Nuclear detonations create mass fires or firestorms, which are set simultaneously over very large areas. Unlike ordinary fires, which burn in a line and only have a fraction of a square mile burning at any given time, everything burns at the same time within the area of a firestorm.
The explosion of a 550 kiloton strategic nuclear weapon over a large city, under average weather conditions, can instantly start fires over a total area of about 100 square miles (200 square kilometers). Within minutes after the detonation, enormous volumes of hot air would rise rapidly over the fire zone and created a huge chimney effect, causing incoming air from outside the fire zone to be sucked in towards the fire's center from all directions. These winds would fan the fires, causing them to increase in intensity and spread, generating still larger volumes of hot rising air, which would accelerate the incoming winds to hurricane force.

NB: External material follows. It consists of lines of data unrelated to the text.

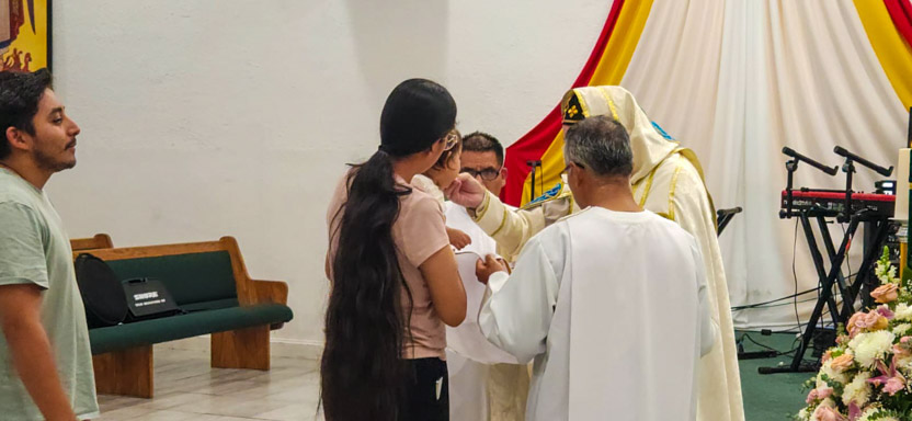 El arzobispo ungió con el óleo santo, pero también invitó a los padres de la niña a asumir una actitud de conversión: oró por elos y los bendijo, para que la paz reine en su hogar. |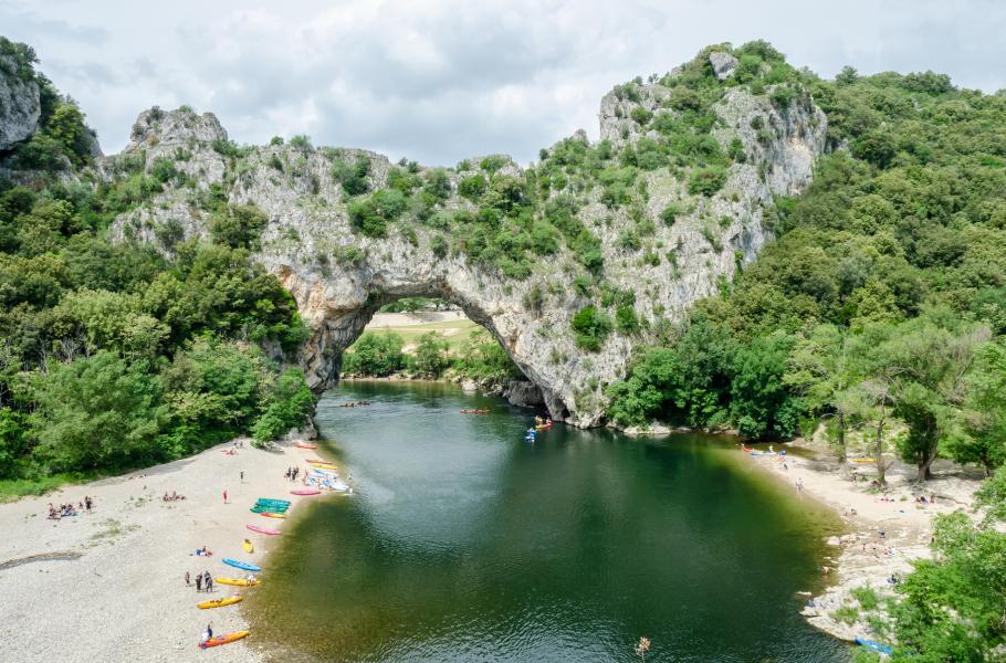 Pont d’Arc tvoří vstupní bránu do přírodní rezervace Gorges de l’Ardèche a nachází se na začátku stejnojmenného kaňonu. Oblouk vytvořila řeka Ardèche, když si před 400 tisíci lety prorazila cestu skrz vápenec široký 60 metrů. Výsledek lze obdivovat ze souše nebo také z vody – lokalitu si oblíbili vodáci, kteří řeku sjíždějí na kajacích a kánoích. Poblíž leží i Chauvetova jeskyně, proslulá paleolitickými malbami starými až 32 tisíc roků. (foto: Shutterstock)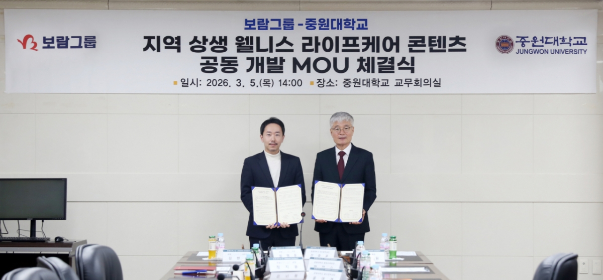 중원대학교가 지난 5일 보람그룹과 지역 상생 웰니스 라이프케어 콘텐츠 개발을 위한 업무협약(MOU)을 체결했다고 9일 밝혔다.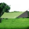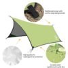 - SILVER WITH UV PROTECTION – This Sun Tarp will make sure that you wouldn’t get burned on a hot sunny day. PU 5000mm coated Polyester allows for sun protection. It can serve as a shelter for your hammock, tent, clothes, pet or portable kitchen against both rain and sun.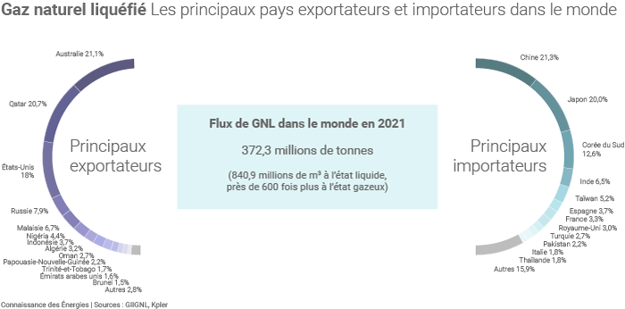 Les principaux importateurs et exportateurs de GNL dans le monde en 2021
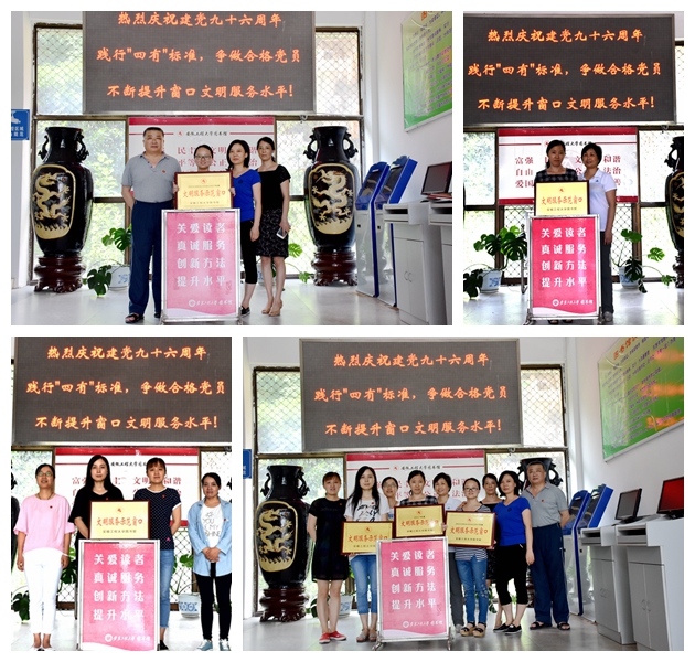 为树立“两学一做”学习教育中的先进典型,彰显立足本职岗位践行“四有”标准,争做合格党员的实效,在全馆员工中树立学习的榜样和目标,激励全馆职工努力践行“读者第一,服务至上”的办馆宗旨和“关爱读者、真诚服务、创新方法、提升水平”的工作理念,在建党96周年来临之际,图书馆对上述3个窗口进行了挂牌表彰,并给予了适当的物质奖励。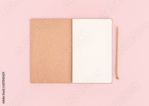 Fototapeta premium Pink desktop with notebook opened page and pen.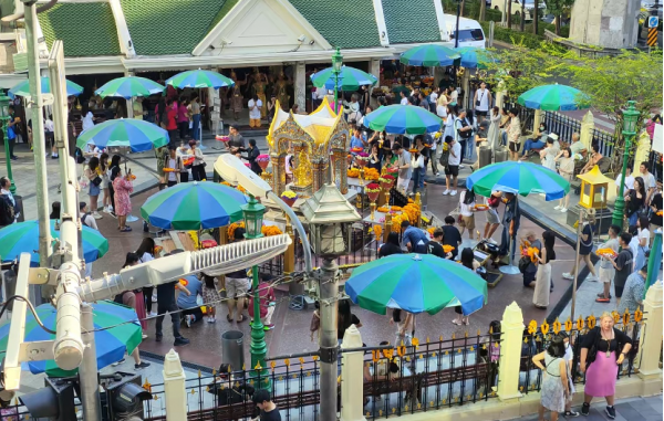 前往【皇家寺】,寺中供奉著佛像可供游客為家人祈福,我們先去拜泰國(guó)的四面佛。 四面佛的四面順時(shí)針?lè)较虻谝幻媲笃桨?、第二面求事業(yè)、第三面求愛(ài)情婚姻、第四面求金錢。燒一套香燭,插一小束花在佛前,據(jù)說(shuō)是很靈的。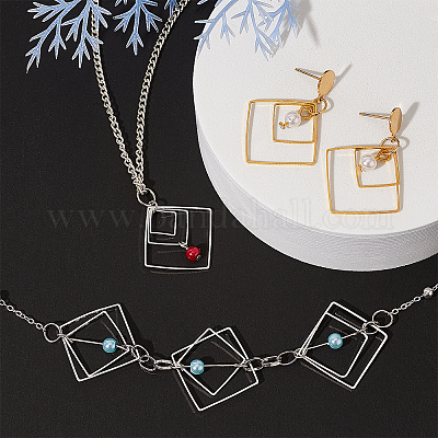 PH PandaHall 200pcs Ciondoli Con Cornice Quadrata Anelli Di

These superheated, inrushing winds would drive the flames from burning buildings horizontally towards the ground, filling city streets with hot flames and firebrands, and causing the fire to jump hundreds of feet to engulf anything that was not yet violently burning. Average air temperatures in the firestorm would quickly rise to well above the boiling point of water. The entire fire zone would become a huge hurricane of fire from which there would be no escape. Anyone in the streets would be incinerated, and those seeking shelter in basements would either be suffocated or die from the heat.